## PROVIDED RECORDS

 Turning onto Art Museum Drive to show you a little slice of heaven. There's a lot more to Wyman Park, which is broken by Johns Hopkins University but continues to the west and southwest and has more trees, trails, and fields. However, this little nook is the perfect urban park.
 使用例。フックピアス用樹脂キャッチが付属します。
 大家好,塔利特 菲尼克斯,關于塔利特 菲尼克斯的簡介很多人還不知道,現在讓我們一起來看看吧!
...
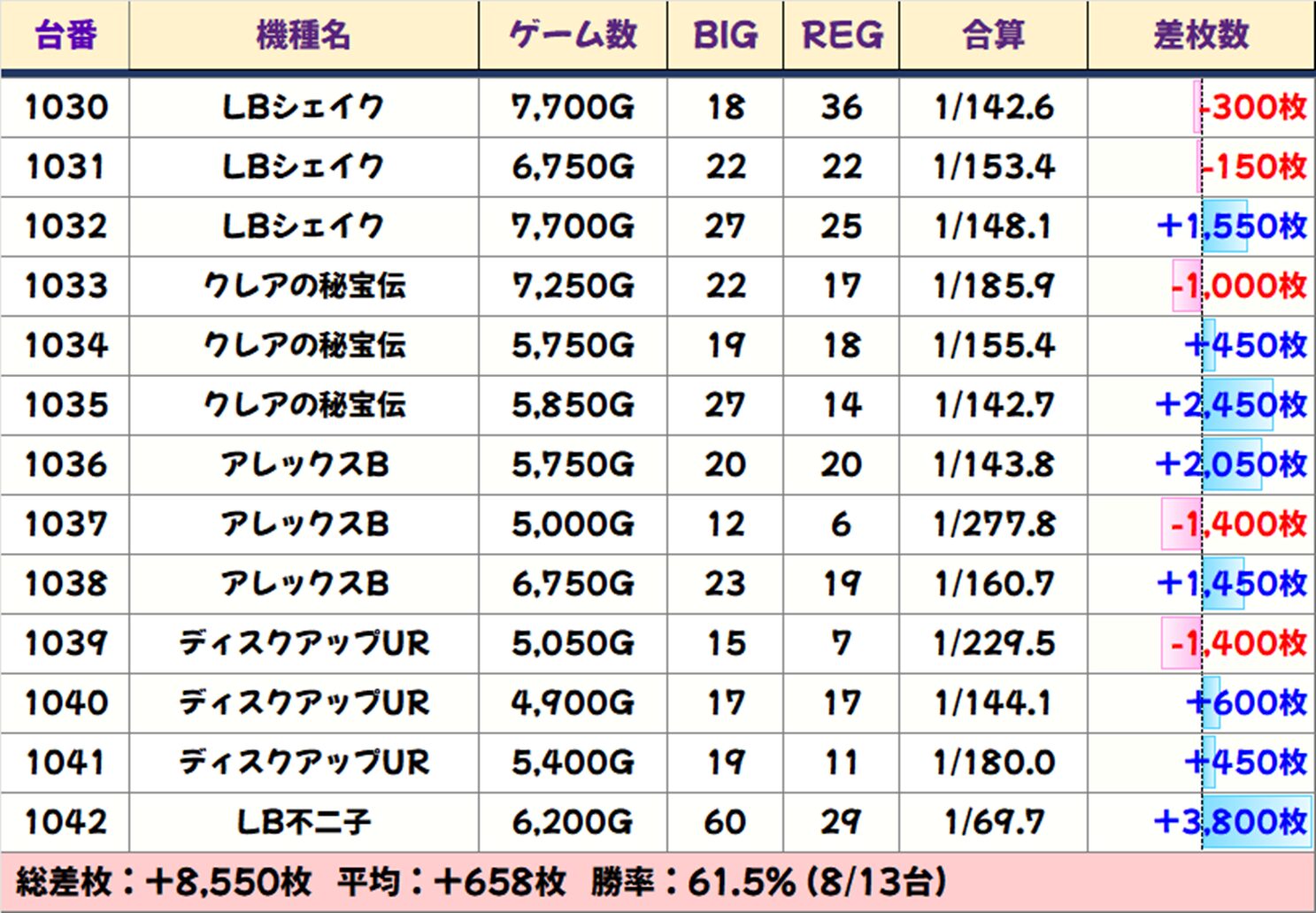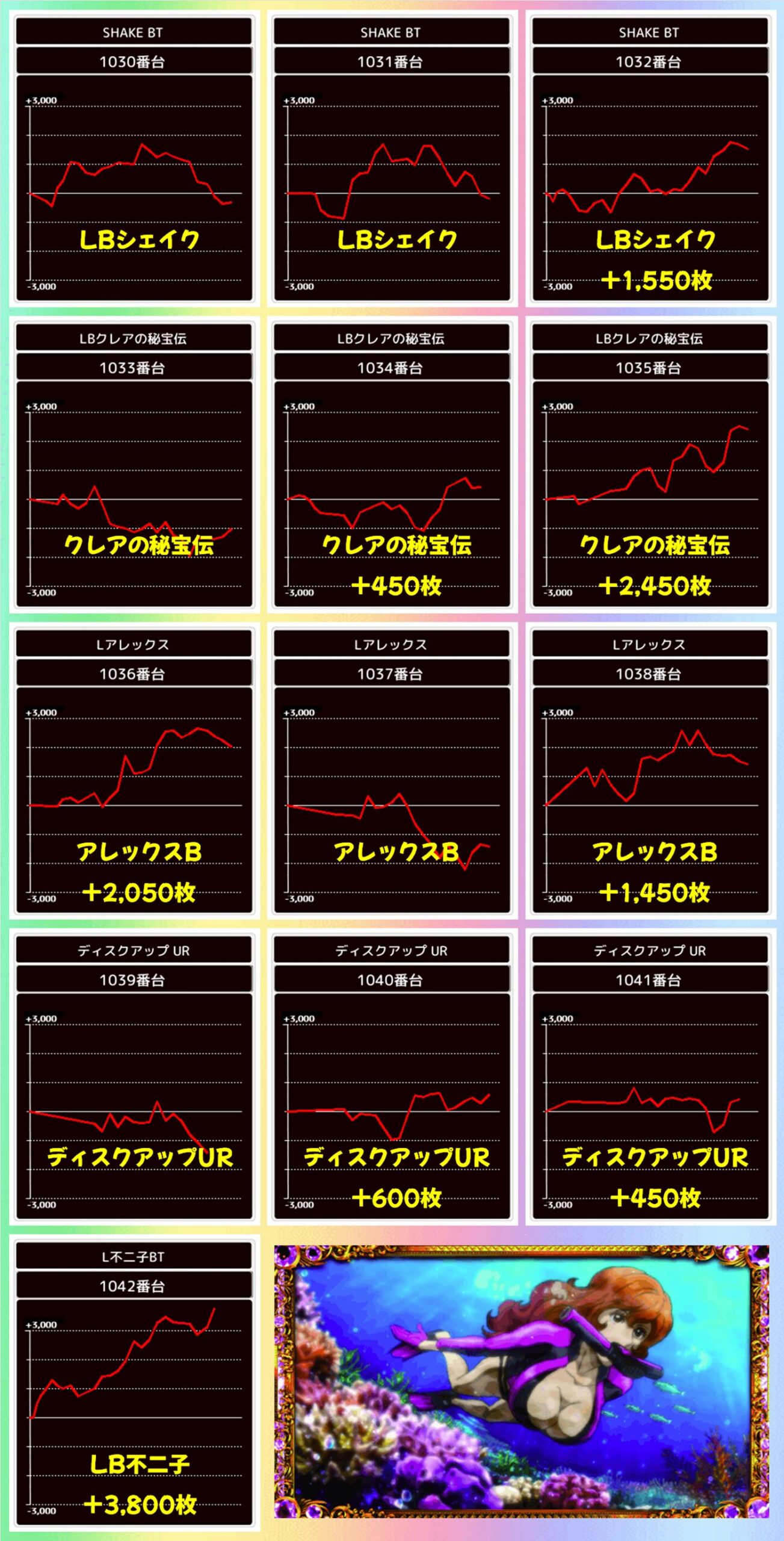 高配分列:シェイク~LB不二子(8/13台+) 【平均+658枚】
--
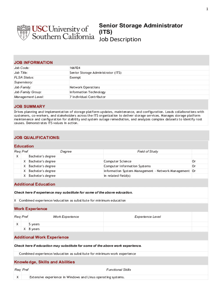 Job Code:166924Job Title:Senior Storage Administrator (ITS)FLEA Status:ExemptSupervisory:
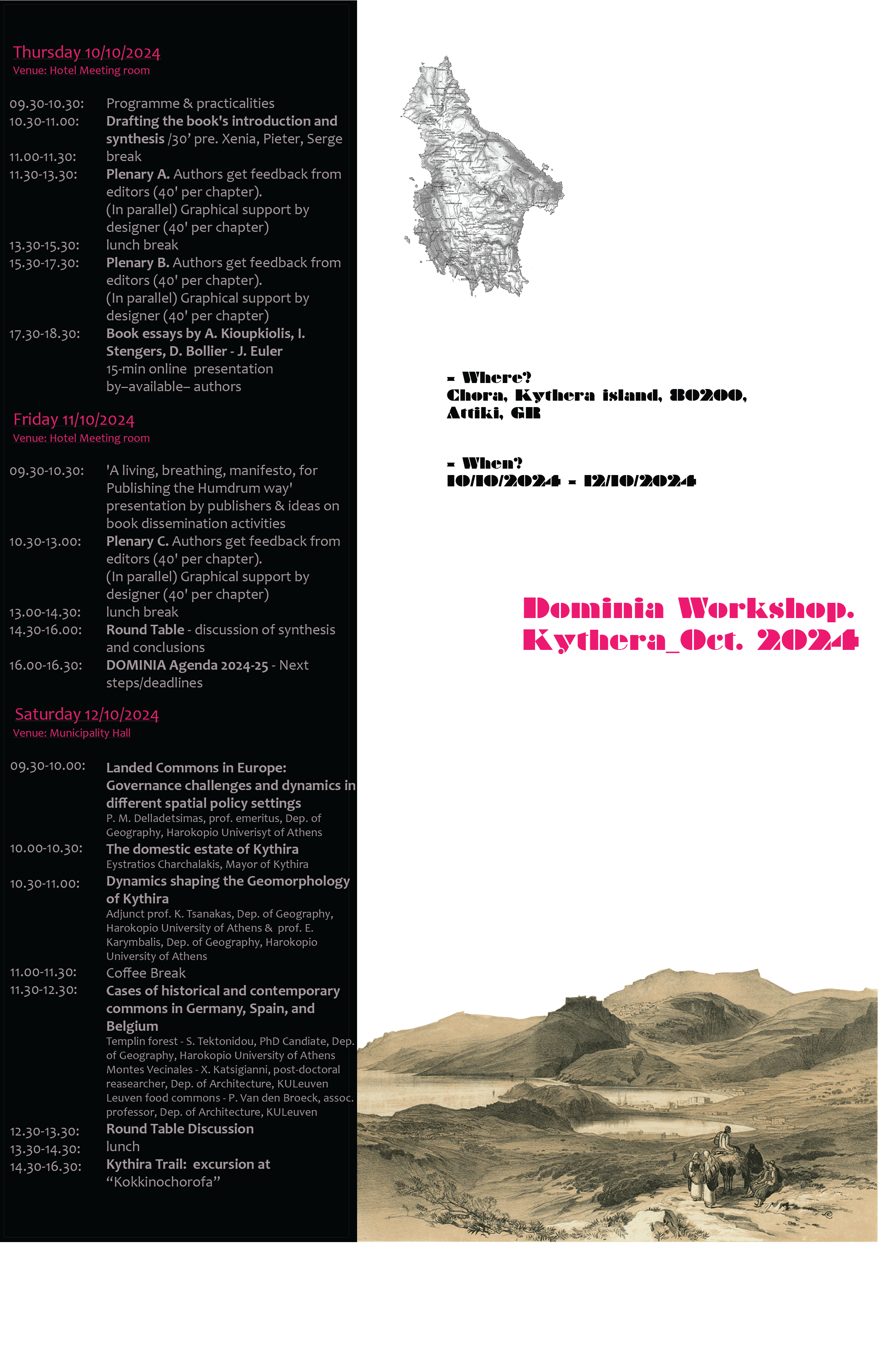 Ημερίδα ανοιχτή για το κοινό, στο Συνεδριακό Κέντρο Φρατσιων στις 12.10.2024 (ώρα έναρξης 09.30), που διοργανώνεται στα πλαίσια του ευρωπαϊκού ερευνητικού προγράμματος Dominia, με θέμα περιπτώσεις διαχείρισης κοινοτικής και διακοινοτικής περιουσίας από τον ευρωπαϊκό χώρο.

## TASK
Look above for the line containing "Job Code:166924Job Title:Senior", then copy exactly from it through the line containing "Ημερίδα ανοιχτή για", keeping both and leaving out pictures. Add nothing else.

## ANSWER SPACE
 Job Code:166924Job Title:Senior Storage Administrator (ITS)FLEA Status:ExemptSupervisory:
 Ημερίδα ανοιχτή για το κοινό, στο Συνεδριακό Κέντρο Φρατσιων στις 12.10.2024 (ώρα έναρξης 09.30), που διοργανώνεται στα πλαίσια του ευρωπαϊκού ερευνητικού προγράμματος Dominia, με θέμα περιπτώσεις διαχείρισης κοινοτικής και διακοινοτικής περιουσίας από τον ευρωπαϊκό χώρο.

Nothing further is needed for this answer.